Dewa menggeleng."Enggak, sayang. Aku beneran sayang sama kamu. Kenapa tiba-tiba kok jadi begini?"
"Kakak di dalam cuekin aku. Kakak malah ngobrol sama Maya!" ucap Chica kesal.
Dewa tersenyum, ia berusaha mengerti bahwa wanita yang ia sayangi ini tengah cemburu. Itu kabar baik, artinya Chica mencintainya bukan."Ca, kamu sayang sama kakak?”
Chica mengangguk. Ia tak bisa membohongi dirinya sendiri bahwa ia juga mencintai Dewa. ia sering memikirkan kakaknya itu saat pertama kali Dewa berusaha mencium dan menyentuhnya pada bagian sensitif. Malam-malamnya diselimuti wajah Dewa, dan ia pernah memimpikan bercinta dengan pria itu."Aku sayang sama kakak. Tapi, kita ini sepupu, Kak."
"Mama kamu adalah sepupu Mamaku. Cukup jauh. Ca, aku sayang sama kamu." Dewa menangkup wajah Chica dan menatap matanya lekat."Kita pacaran, ya? nanti perlahan kita beri tahu pada orangtua kita, tentang hubungan ini."
Chica tersenyum lega."Kita pacaran? Aku dengan kakak? Kita...?”
Dewa mengangguk."Iya, Sayang. Sejak dulu aku panggil kamu sayang, kan? Itu karena sejak lama juga aku sayang sama kamu. Jadi, kamu mau jadi pacar kakak?"
Chica mengangguk yakin dan kemudian berlabuh dalam pelukan Dewa. Meskipun tadi sempat diliputi rasa cemburu, sekarang ia merasa senang karena ia dan Dewa telah resmi berpacaran."Kakak, jangan tinggalin aku.”
Dewa mengangguk lega."Iya, sayang. Maafin yang tadi, ya. Aku dan Maya hanya membicarakan masalah pekerjaan. Jangan marah, karena kakak sayang sekali sama kamu, Ca. Sayang...sekali."
Chica mengangguk.
"Kita enggak usah masuk lagi. Kita ke tempat lain aja, ya, " kata Dewa sambil menyalakan mobilnya.
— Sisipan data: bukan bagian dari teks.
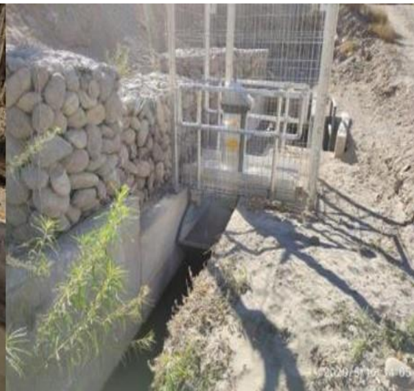
Foto 2. Canal Las Vizcachas.
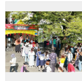
昨年の会場の様子

日中文化交流の祭典「チャイナフェスティバル」が9月7日・8日、代々木公園イベント広場（渋谷区神南2）で開催される。（シブヤ経済新聞）
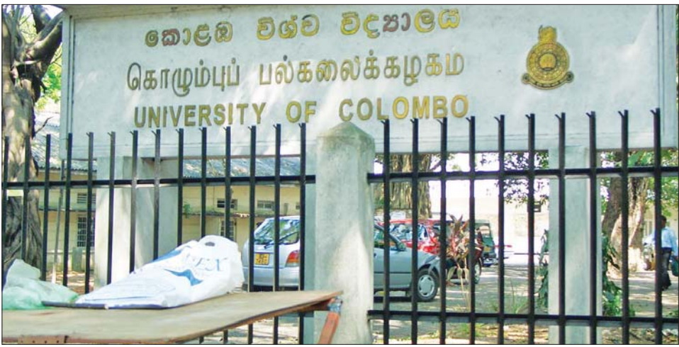
သီရိလင်္ကာနိုင်ငံ၏ ထိပ်တန်းတက္ကသိုလ်တစ်ခုဖြစ်သည့် ကိုလံဘိုတက္ကသိုလ် မှခန်းဆင်းဘုတ်ကို တွေ့ရစဉ်။

ကိုလံဘို ဩဂုတ် ၂၃ သီရိလင်္ကာတက္ကသိုလ် ခွင့်ပြုချက် ကော်မရှင် (ယူဂျီစီ)က နိုင်ငံတွင်း ရှိ တက္ကသိုလ်များအားလုံးကို စက်တင်ဘာလတွင် ဖွင့်လှစ်မည် ဖြစ်ကြောင်း ဩဂုတ် ၂၃ ရက်က ကြေညာခဲ့သည်။

Chica bersorak senang."Iya, Kak. Di dalam tidak menyenangkan. Tapi, kita kemana, Kak?"
Dewa mengerlingkan matanya. "Ke tempat dimana...hanya ada kamu dan aku."
Chica merinding mendengarkan nada suara lelaki itu. Mobil melaju melewati beberapa tempat yang ramai. Chica membuang pandangannya ke arah jalanan, menikmati pemandangan yang semakin lama semakin indah karena Dewa benar-benar membawanya pergi jauh. Chica merasa lelah karena tadi menghabiskan tenaganya untuk menangi, sekarang ia terlihat menguap dan tertidur pulas. Dewa tersenyum saja saat melihat kekasihnya itu memejamkan mata. Wajah cantiknya membuatnya tak sabar ingin segera sampai ke tujuan.